Friday 24 May 2013

Andris Biedrins will not opt out of his $9 million contract for 2013-14, surprising no one

With small-ball lineups reigning the NBA these days, the third-string center has become something of a lost figure. On the rare occasions when these players do get off the bench, it's typically only to provide fouls or eat up a few minutes in the event of injury. They've always been role players, but now that job is becoming increasingly minor and perhaps surplus to requirements.

Some players persist, though, including Golden State Warriors big man Andris Biedrins. Despite averaging only 9.3 minutes in 53 games this season (with ostensible starter Andrew Bogut missing 50 games), Biedrins has a player option worth $9 million for the 2013-14 season, the last year of the six-year, $54 million extension he signed as a very promising player in July 2008. To the surprise of no one, Biedrins has chosen not to exercise that early termination option. From Chris Haynes for CSNNW.com (via PBT):

As was expected, Golden State Warriors center Andris Biedrins will exercise his player option and return to the Bay Area for the 2013-14 season, according to his agent Bill Duffy. [...]

“He will not opt out,” Duffy stated clearly to CSNNW.com.

General Manager Bob Myers has some tough decisions to make being that the Warriors are destined to be luxury tax payers next season with roughly $75 million in salary tied-up.

The punitive luxury tax system goes into effect and Carl Landry (player option), Jarrett Jack (free agent) are integral pieces the organization would hope to retain.

To be clear, this is not news because of the announcement, which was as predictable as anything that has happened in the NBA this season. There's no way that Biedrins would make this kind of money on the open market, if he were even to get a new contract offer at all. It's a shame, too, because he once looked like the kind of big man who could thrive in this era: at his best, he was active, athletic, able to cover a lot of ground, and a solid performer in pick-and-roll situations.
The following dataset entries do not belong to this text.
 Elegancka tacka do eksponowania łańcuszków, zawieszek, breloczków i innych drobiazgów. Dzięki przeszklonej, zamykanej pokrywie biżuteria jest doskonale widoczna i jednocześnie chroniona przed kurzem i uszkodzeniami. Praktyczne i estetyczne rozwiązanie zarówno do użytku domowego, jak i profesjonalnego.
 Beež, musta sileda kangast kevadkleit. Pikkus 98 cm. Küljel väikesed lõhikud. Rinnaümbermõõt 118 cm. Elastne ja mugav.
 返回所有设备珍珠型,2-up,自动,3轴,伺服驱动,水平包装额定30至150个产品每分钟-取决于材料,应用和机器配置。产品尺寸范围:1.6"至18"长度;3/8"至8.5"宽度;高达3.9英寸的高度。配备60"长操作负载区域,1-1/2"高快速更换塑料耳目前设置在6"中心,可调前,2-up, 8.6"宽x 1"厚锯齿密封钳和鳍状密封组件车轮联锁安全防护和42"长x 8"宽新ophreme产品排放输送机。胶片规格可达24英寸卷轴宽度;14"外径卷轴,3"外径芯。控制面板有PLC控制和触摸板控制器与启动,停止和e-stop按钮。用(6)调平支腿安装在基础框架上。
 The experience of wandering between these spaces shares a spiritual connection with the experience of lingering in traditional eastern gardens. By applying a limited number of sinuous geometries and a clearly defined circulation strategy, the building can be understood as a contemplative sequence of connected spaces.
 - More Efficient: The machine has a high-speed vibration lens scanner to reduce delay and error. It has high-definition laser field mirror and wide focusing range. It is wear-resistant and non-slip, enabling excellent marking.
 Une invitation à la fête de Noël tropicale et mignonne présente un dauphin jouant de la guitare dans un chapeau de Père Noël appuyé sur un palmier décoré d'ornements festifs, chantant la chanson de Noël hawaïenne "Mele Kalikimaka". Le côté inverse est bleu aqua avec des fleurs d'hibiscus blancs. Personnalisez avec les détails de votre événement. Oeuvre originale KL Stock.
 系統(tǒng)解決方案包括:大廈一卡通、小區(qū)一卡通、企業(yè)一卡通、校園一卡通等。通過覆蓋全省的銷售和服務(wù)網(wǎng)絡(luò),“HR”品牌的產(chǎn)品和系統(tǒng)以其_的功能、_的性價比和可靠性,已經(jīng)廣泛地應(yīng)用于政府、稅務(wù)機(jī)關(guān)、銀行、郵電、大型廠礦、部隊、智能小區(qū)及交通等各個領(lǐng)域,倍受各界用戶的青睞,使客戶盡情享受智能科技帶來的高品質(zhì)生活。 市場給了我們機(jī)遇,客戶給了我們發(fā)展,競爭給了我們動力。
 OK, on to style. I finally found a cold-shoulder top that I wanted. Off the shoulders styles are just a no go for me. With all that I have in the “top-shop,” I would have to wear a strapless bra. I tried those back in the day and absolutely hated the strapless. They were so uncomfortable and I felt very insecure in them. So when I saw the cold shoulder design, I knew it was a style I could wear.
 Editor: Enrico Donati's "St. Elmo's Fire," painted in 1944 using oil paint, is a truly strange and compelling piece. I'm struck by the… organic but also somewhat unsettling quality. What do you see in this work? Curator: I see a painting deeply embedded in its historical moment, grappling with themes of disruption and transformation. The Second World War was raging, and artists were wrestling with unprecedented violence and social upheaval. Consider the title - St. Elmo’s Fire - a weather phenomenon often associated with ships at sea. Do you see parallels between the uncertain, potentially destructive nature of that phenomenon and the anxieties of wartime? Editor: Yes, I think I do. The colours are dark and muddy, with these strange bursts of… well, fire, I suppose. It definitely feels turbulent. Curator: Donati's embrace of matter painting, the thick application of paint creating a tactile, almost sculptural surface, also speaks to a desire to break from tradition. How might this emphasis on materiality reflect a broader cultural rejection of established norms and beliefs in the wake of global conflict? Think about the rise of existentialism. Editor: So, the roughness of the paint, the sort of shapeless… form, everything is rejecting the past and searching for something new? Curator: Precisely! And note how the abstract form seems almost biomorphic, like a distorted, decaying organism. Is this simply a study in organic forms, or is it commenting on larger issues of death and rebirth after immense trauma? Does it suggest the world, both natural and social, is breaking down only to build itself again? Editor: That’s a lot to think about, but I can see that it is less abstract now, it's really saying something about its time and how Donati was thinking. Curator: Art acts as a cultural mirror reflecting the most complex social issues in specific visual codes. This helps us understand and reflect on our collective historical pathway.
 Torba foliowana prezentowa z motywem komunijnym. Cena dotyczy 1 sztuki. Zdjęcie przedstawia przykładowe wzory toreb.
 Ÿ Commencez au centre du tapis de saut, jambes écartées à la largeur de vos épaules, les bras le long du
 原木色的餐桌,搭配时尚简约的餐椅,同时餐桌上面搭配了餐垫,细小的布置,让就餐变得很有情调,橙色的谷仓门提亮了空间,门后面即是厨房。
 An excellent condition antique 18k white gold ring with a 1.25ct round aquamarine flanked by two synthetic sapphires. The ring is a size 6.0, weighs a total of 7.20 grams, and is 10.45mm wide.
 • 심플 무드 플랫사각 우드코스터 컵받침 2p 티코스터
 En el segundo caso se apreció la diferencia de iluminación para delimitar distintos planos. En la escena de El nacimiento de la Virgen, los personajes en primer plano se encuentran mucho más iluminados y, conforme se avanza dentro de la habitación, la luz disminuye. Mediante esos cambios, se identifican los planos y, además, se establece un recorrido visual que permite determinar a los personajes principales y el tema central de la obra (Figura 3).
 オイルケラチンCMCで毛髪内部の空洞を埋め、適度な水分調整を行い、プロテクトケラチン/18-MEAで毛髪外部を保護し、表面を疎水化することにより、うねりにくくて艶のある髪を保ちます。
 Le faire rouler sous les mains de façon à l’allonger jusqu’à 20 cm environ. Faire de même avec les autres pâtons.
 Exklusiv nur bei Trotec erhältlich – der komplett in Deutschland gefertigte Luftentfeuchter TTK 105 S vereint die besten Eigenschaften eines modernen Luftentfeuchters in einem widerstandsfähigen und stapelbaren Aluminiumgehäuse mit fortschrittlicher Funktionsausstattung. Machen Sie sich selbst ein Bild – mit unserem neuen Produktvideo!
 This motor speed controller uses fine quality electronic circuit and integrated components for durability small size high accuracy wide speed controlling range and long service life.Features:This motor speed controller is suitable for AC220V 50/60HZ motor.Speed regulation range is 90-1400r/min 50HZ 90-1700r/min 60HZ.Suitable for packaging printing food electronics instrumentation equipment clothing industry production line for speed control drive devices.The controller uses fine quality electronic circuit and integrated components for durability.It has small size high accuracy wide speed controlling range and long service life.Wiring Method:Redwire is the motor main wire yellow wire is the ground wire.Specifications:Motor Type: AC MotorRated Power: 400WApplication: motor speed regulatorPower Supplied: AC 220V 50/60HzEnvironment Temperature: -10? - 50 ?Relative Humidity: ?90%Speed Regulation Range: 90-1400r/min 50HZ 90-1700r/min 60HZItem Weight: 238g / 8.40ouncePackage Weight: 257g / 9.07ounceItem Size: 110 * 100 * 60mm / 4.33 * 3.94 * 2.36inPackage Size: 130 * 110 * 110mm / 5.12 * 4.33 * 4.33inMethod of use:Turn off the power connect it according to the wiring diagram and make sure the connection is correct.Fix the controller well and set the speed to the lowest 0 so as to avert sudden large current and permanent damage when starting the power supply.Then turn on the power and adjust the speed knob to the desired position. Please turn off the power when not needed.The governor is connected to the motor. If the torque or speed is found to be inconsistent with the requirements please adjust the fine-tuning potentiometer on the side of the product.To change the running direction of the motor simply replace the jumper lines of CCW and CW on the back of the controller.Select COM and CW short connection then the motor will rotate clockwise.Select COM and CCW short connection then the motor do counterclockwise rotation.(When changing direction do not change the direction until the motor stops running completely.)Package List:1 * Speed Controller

Under the last collective bargaining agreement, Biedrins's $9 million salary would have been an enticing trade asset for any team looking to open up cap space for future free agents. However, with the new CBA making it easier for teams to sign their own players to extensions, it's not necessarily as valuable to hold a great deal of cap space.

The Warriors, then, are likely going to have to pay Biedrins for another year. With little-used wing Richard Jefferson holding his own $11 million player option, the Warriors could be faced with paying two end-of-bench players approximately $20 million simply because of past mistakes (Jefferson came over in a trade, but it's not as if the Warriors didn't know they'd have to pay him). That's roughly a quarter of the likely salary cap, which emphasizes just how little margin for error teams have.

Biedrins and Jefferson signed these contracts fairly long ago, to the point where general managers can't be faulted too much for not predicting they'd become albatrosses under a then-undefined CBA. Nevertheless, their effect on the cap for this upcoming season suggests that these lucrative deals might not exist for valued role players in the future. With each contract getting teams closer to a more punitive luxury tax, it makes little sense to risk massive payouts on all but the best players on a team. If a player's success seems at all tenuous, why risk financial headaches for uncertain rewards? We could see more extreme salaries, with a team's most valuable players getting up near the max-level salary and everyone else inching nearer to the minimum. In effect, it might mean the marginalization of the NBA's middle class.